Na última metade do século XIX quatro aspectos eram responsáveis pelo progresso do Estado: a cultura do café, a primeira estrada de ferro, a colonização e a imigração e a autonomia da República. Sampaio aqui apontava vários aspectos importantes. Se o café era o grande responsável pela posição econômica de São Paulo na virada do século XIX, a ferrovia auxiliava no escoamento da produção e da expansão das lavouras. A discussão em torno do imigrante, também retomava o debate em torno da modernização do país e a viabilidade do tipo nacional no fim do século XIX. O homem livre e pobre mantido à margem da sociedade do trabalho, até a abolição da escravidão, era tido como incapaz, ocioso e insubordinado.
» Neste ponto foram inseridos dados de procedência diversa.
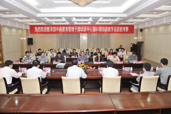 5月1日,教育部中南教育管理干部培训中心第61期培训班学员罗国斌等一行15人莅校考察。学校在力行楼一楼会议室举行座谈会,校党委副书记兼纪委书记张国臣出席会议,党委组织部、党委学工部、校工会、人事处、发规处、毕业生就业服务中心等部门负责同志参加会议。会议由张国臣主持。
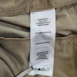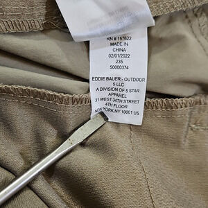 For sale, these Eddie Bauer Men's Size 40 Cargo Shorts. Designed for durability and comfort, these shorts feature a practical 10-inch inseam, making them ideal for hiking, camping, or a casual day out. The brown microfiber nylon fabric provides a lightweight feel, perfect for the warmer spring and summer months, while the cargo pocket design ensures your essentials are always within easy reach. With a mid-rise waist and flat front style, these shorts offer a regular fit that's both flattering and versatile.

A solução para substituir o escravo foi a escolha do imigrante, correspondendo à ideia de progresso e civilização associada ao branco europeu das teorias deterministas111.

Estes quatro aspectos apontados por Sampaio conduzem a pensarmos na sua atuação na CGGSP. Assim como Derby, tais pontos retomavam as motivações da fundação da Comissão: disponibilidades de solos, transporte e escoamento da produção e a necessidade de mão de obra. Iniciava-se a discussão acerca da modernização do Estado de São Paulo, tão almejada pela elite paulista, e sendo o café o principal responsável pelo dinamismo da economia local era necessária a racionalização da ocupação da área que era reivindicada por esta lavoura. Ampliaremos essa discussão no próximo tópico e discutiremos como as histórias de cidades contribui para entendermos esse cenário de formação espacial pelos seus limites e pelo seu povoamento.

109 AMADO, Janaína. Região, Sertão, Nação. Estudos Históricos, Rio de Janeiro, n. 15, 1995. 110 SAMPAIO, Theodoro. S. Paulo no século XIX, op. cit., p. 181.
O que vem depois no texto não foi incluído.